In a recent decision of Re MF Global Hong Kong Ltd [2015] HKCU 459 (2 March 2015), the Court of Appeal clarified that the ad valorem fees were payable on the conversion of the compulsory liquidations of MF Global Hong Kong Limited and MF Global Holdings HK Limited (collectively, the “Companies”) to creditors’ voluntary winding up.

Background

On 4 October 2012, Harris J made orders that the compulsory liquidation of each of the Companies were converted to creditors’ voluntary winding up (the “Orders”).  In particular, the Orders provided the following:

1.       the provisional liquidators (the “PLs”) (who were appointed under section 193 of the Companies (Winding Up and Miscellaneous Provisions) Ordinance, Cap 32 (“CWUMPO”)) be appointed as the liquidators of the Companies in the creditors’ voluntary liquidation; and

2.       the realisation made by the PLs up to the date of conversion should be paid to them as liquidators “without any deduction being made in respect of ad valorem fees”.

 

The Official Receiver appealed on the basis that the Companies should pay the ad valorem fees on the assets realized by the PLs up to the date of conversion into the creditors’ voluntary winding up.

The Court of Appeal’s analysis

Whether the PLs were “liquidator” under Section 2(1) of CWUMPO

Pursuant to section 2(1) of the CWUMPO, liquidator includes “a provisional liquidator holding such office by virtue of section 194 of CWUMPO”.

In considering Re Lehman Brothers Securities Asia Ltd (No 2) [2010] 1 HKLRD 58 (“Lehman Brothers (No 2)), the Court of First Instance decided that the provisional liquidation only came to an end at such time as the provisional liquidators (or other persons) were appointed liquidators by the Court.  It was further decided that in Lehman Brothers (No 2), the definition of “liquidator” under section 2(1) of the CWUMPO should be read as applying only to provisional liquidators appointed under section 194(1A) but not section 193 of the CWUMPO.

The Court of Appeal in Re MF Global Hong Kong Ltd reconsidered the interpretation of section 2(1) of the CWUMPO in Lehman Brothers (No 2) and decided that such interpretation should no longer be adopted. The Court of Appeal held that section 2(1) of the CWUMPO shall include all three types of provisional liquidators mentioned in section 194, and can cover section 193 provisional liquidators continuing to act as provisional liquidators after the making of a winding up order, pursuant to section 194(1)(aa). Such provisional liquidators can be said to hold their office by virtue of section 194.

Pre and post-winding up order:
difference in the nature of the office of the PLs

The making of the winding up order marked a fundamental change in respect of the status of the Companies.

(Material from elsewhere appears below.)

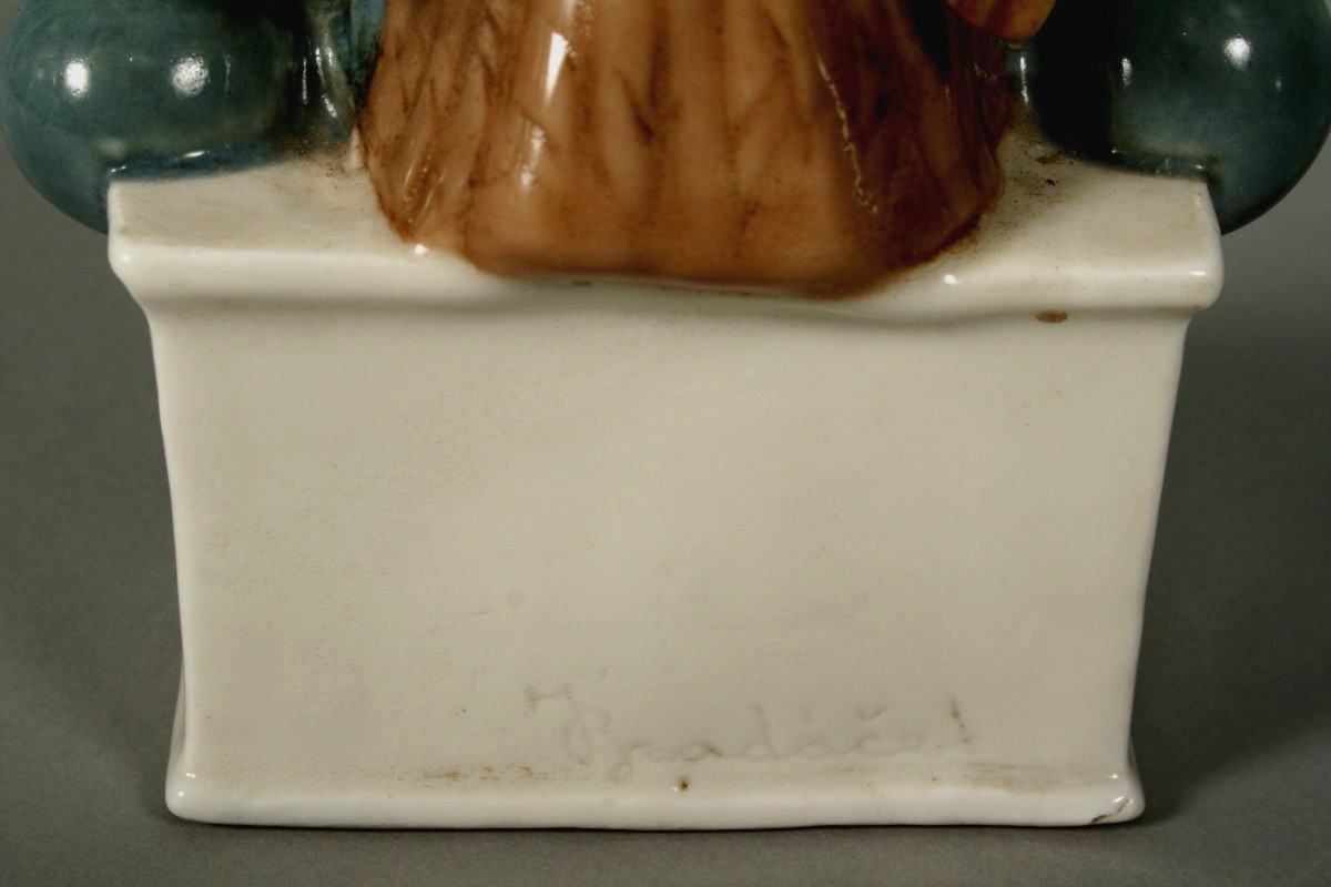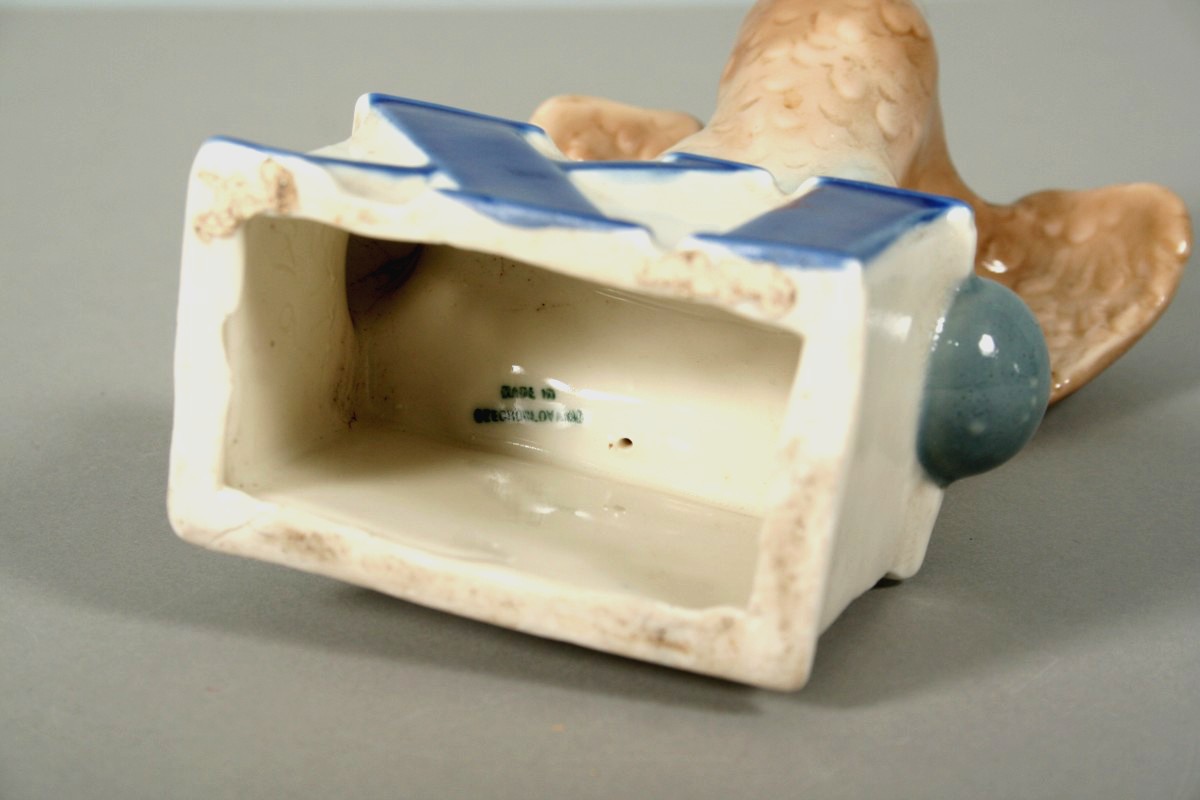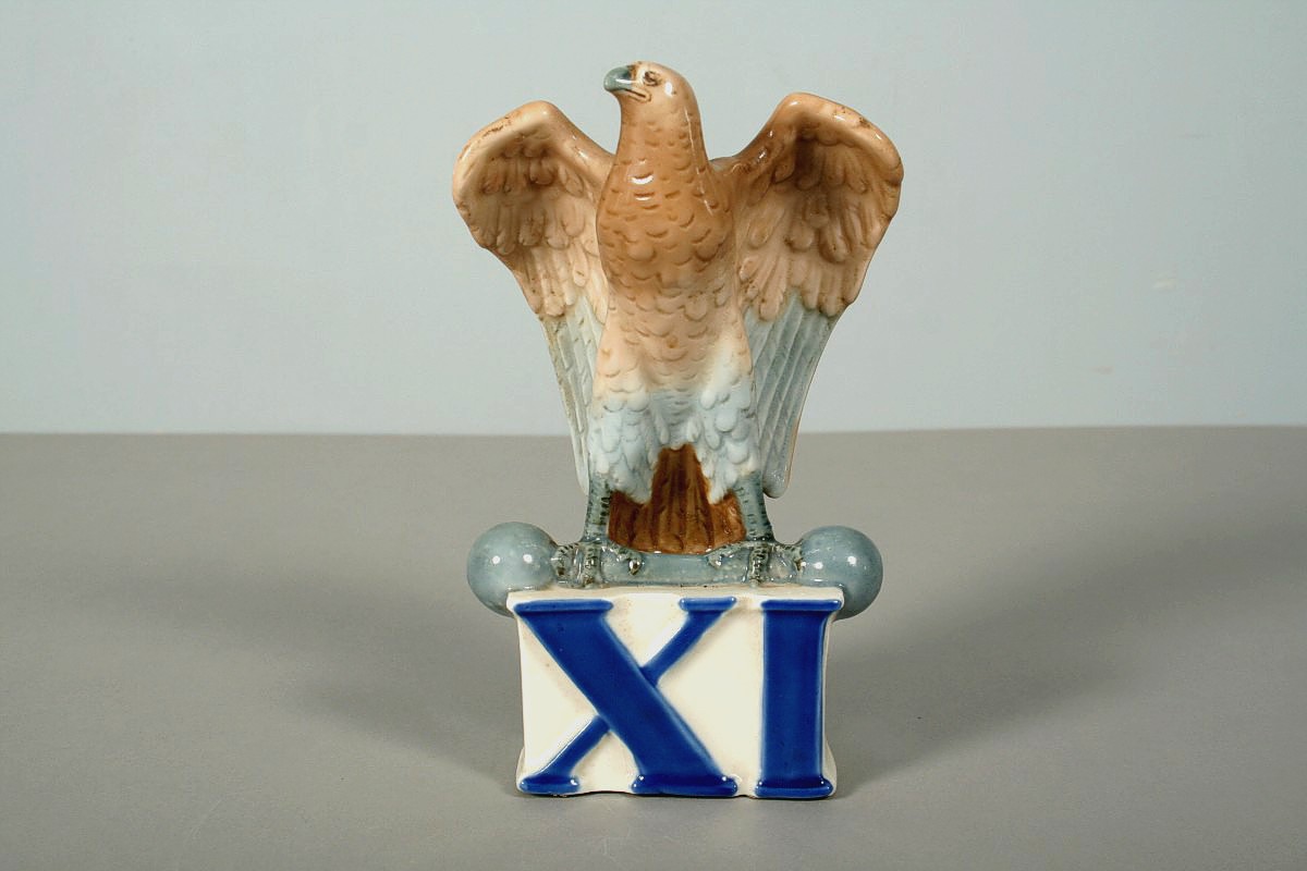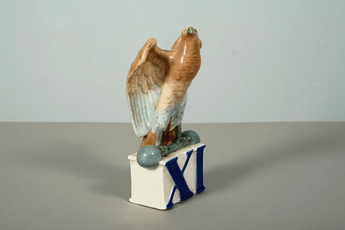 porcelánová socha sokola držícího čínku na podstavci s římskou XI, autor sochař Jiří Bradáček, značeno na zadní části podpisem a na dně razítkem Royal DUX, 20 cm, u příležitosti 11. všesokolského sletu

Prior to the making of the winding up order, the Companies continued in existence and could pursue its general operations, subject to some constraints.  However, after the winding up order was made, the position of the Companies changed.  The Companies would no longer exist as a going concern.  The Companies could only continue to exist for the purpose of being wound up, i.e. for its assets to be realised and applied to satisfy its debts, on a pari passu basis.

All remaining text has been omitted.